Why you should experience Norman B. Leventhal Map & Education Center in Boston, Massachusetts.
The Norman B. Leventhal Map & Education Center is where geography becomes storytelling, a space where the world unfolds, one map at a time.
Located within the McKim Building, this center houses one of the most extensive cartographic collections in the nation, spanning more than half a millennium of human exploration and imagination. Antique atlases, celestial charts, and hand-drawn city plans line the walls like portals through time. Every map here, whether tracing colonial trade routes or envisioning future cities, reveals as much about people’s dreams and fears as about the lands themselves. The atmosphere is both scholarly and adventurous, inviting visitors to rediscover the world as it was once seen: vast, mysterious, and alive with possibility.
What you didn’t know about Norman B. Leventhal Map & Education Center.
Founded in 2004 through a gift from Boston philanthropist Norman B. Leventhal, the center preserves more than 250,000 maps, atlases, globes, and geographic artifacts.
Its holdings include some of the earliest printed maps of the Americas, 18th-century Boston street plans, and rare world maps from the Age of Discovery. Beyond preservation, the center is a hub for innovation, combining digital technology with traditional scholarship to make maps accessible to all. Interactive displays allow you to zoom through centuries of cartography, while temporary exhibitions reinterpret geography through lenses of art, politics, and identity. The center’s mission extends beyond history: it uses maps to explore how space, power, and perspective continue to shape our understanding of the world.
How to fold Norman B. Leventhal Map & Education Center into your trip.
Plan to visit the Map Center after exploring the McKim Building’s Grand Staircase and Bates Hall, letting your journey flow from architecture to exploration.
Wander through the exhibitions at your own pace, pausing to study the intricate artistry of early mapmaking, the sea monsters, compass roses, and ornate borders that made each chart a work of art.
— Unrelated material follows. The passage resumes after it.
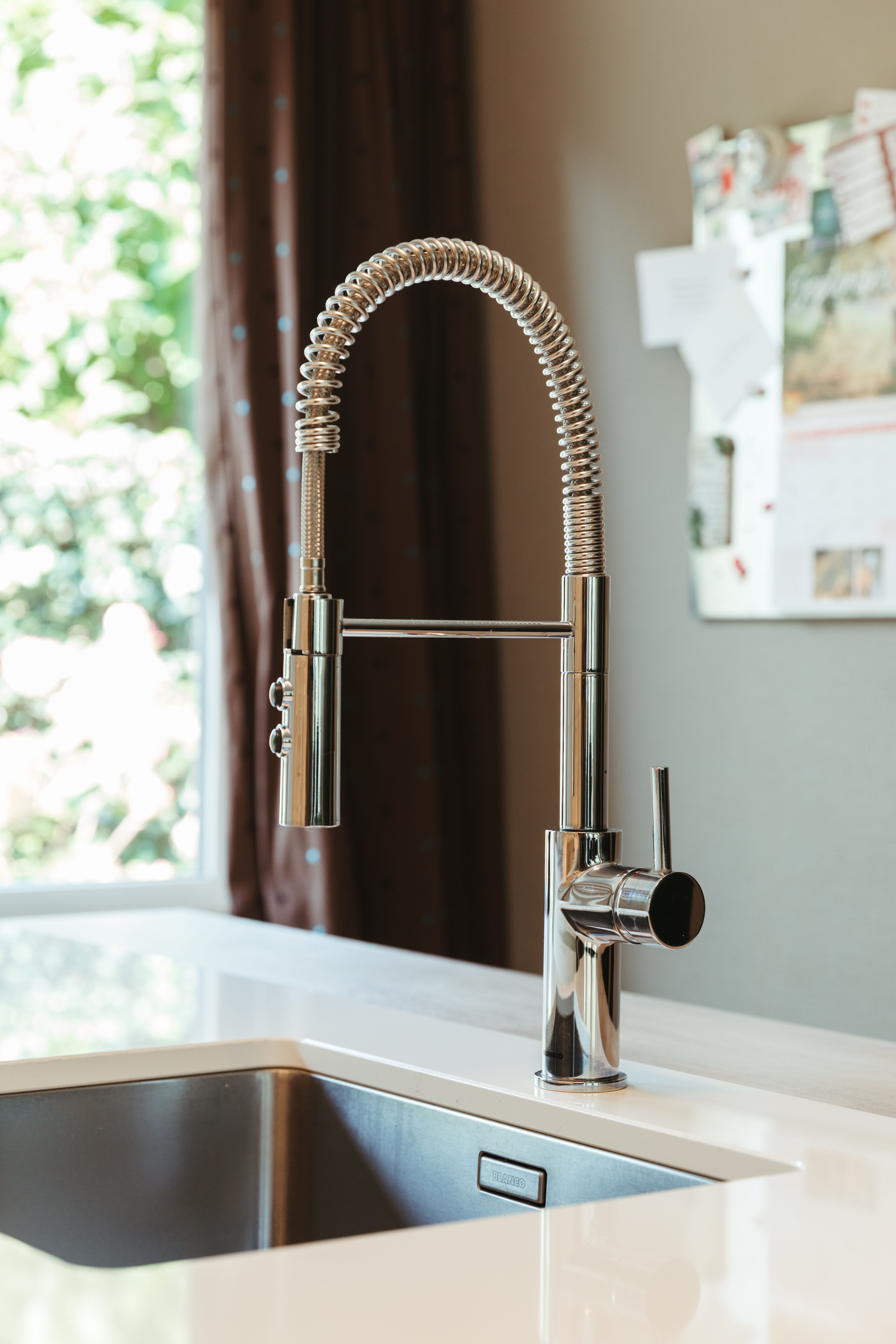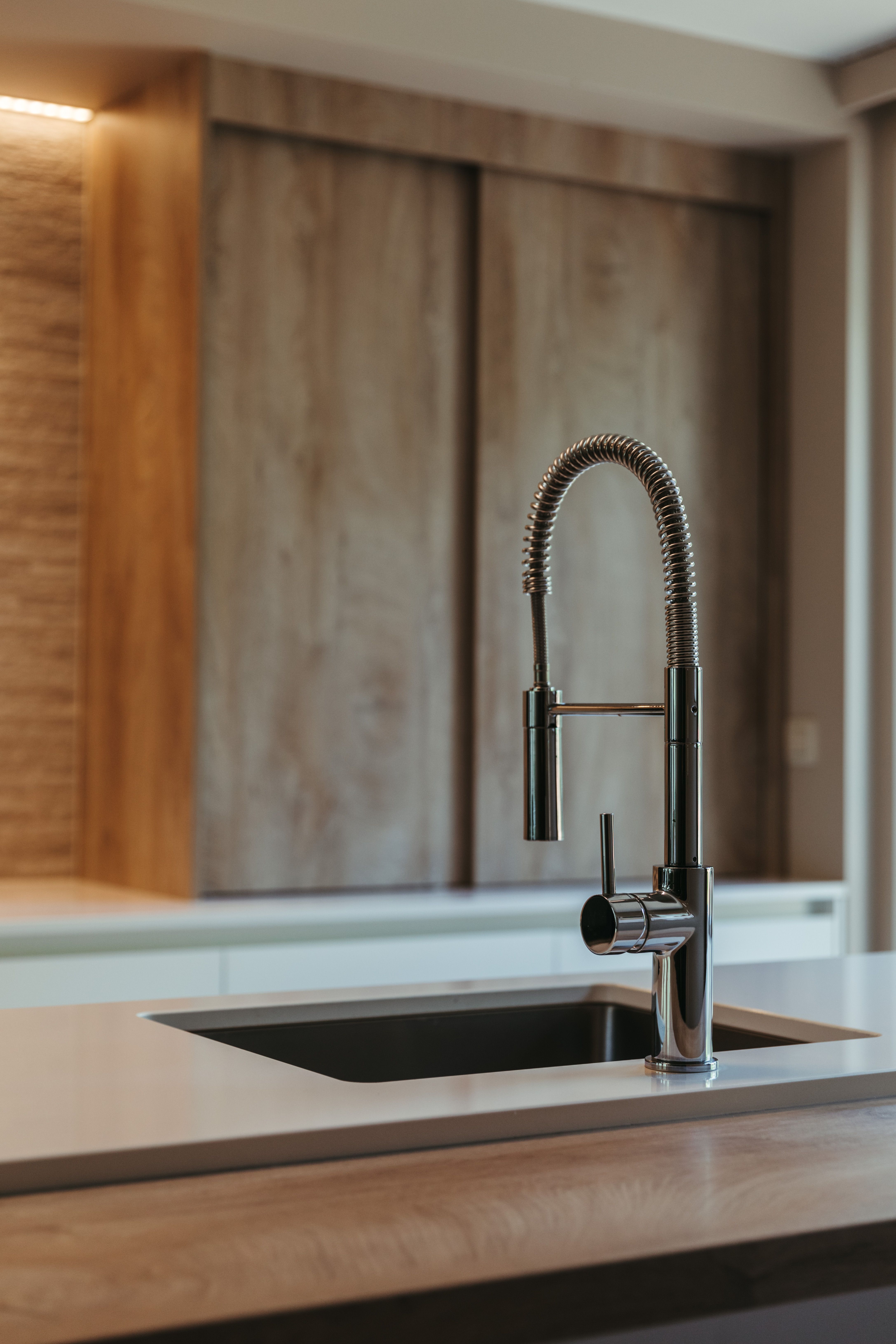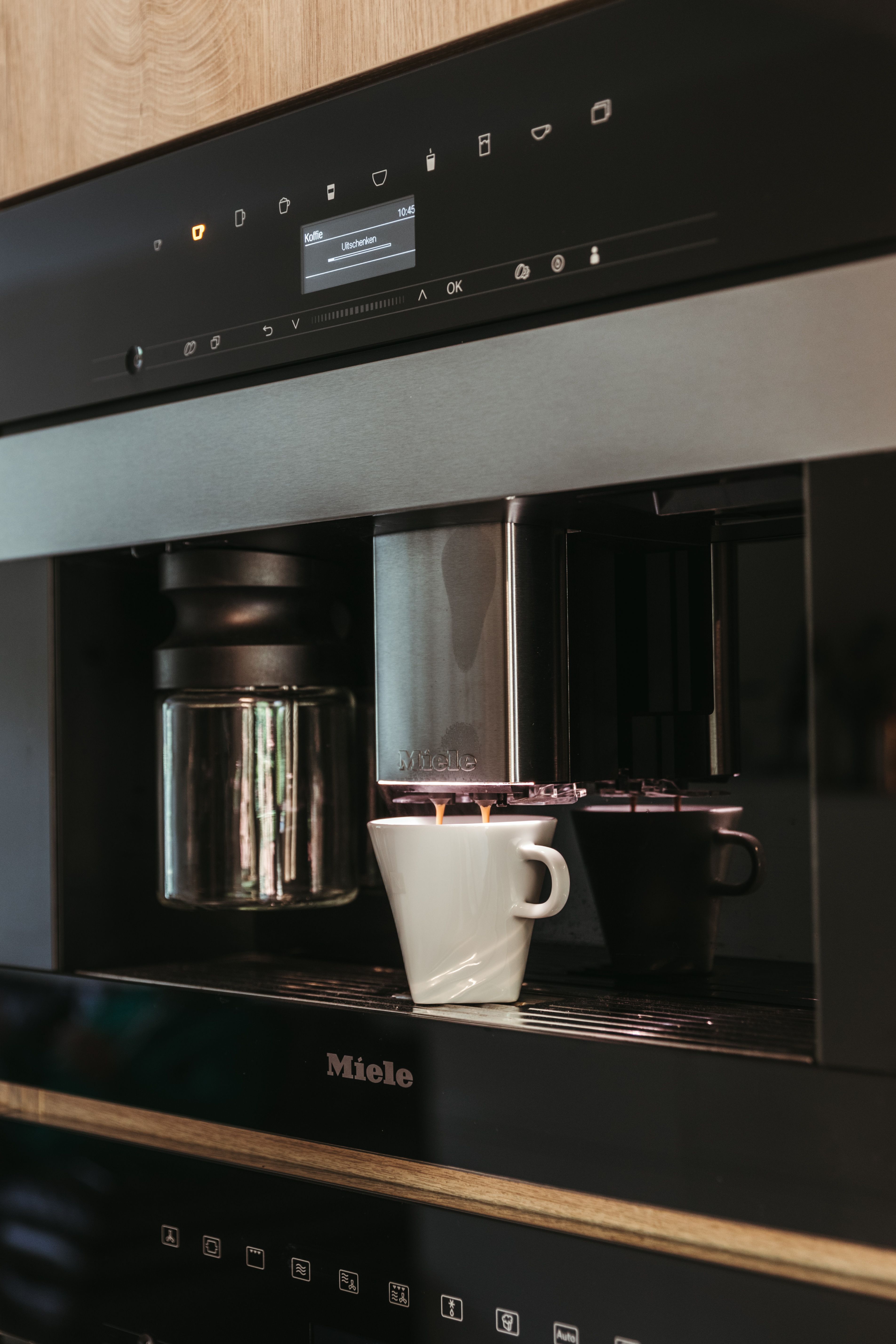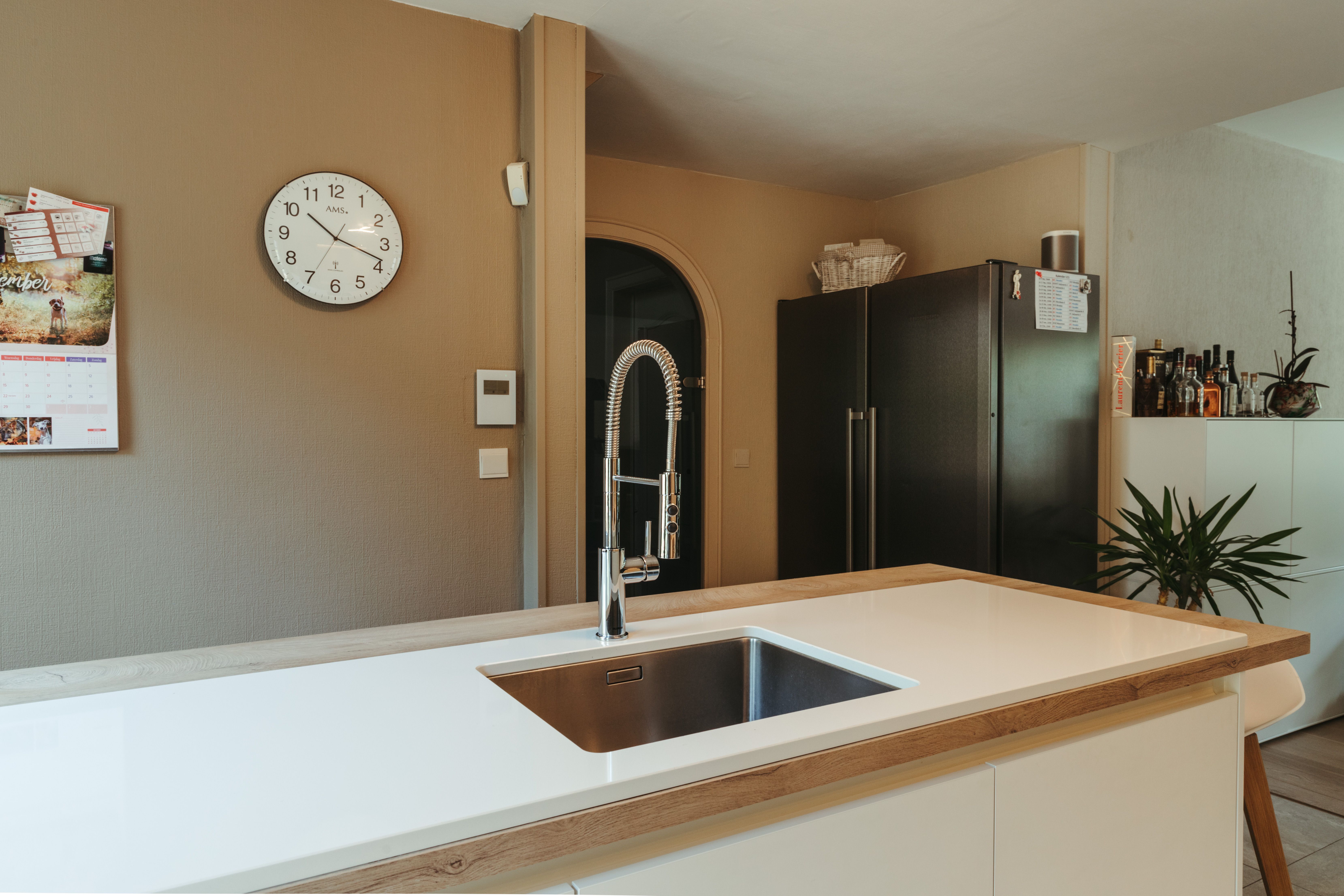 Samen met toestellen van Miele en een ingebouwde afzuigkap krijg je hier ook een bijzonder gebruiksvriendelijke keuken. De keukenkraan in chroom is een echte eyecatcher en straalt een semi-industrieel gevoel uit, zoals onze keukenexpert dat zelf benoemt.

Visit mid-morning for quiet immersion, or during one of the center’s public programs to hear curators discuss how maps reflect shifting worldviews. Pair this stop with the Map Room Café for a fitting thematic close. The Norman B. Leventhal Map & Education Center isn’t just a gallery of geography, it’s a living atlas of human curiosity, charting how far imagination can travel.
Hear it from the Foresyte community.
Whole place feels like Boston flexing. Paintings, marble, ceilings for days. You forget it’s even a library until someone shushes you.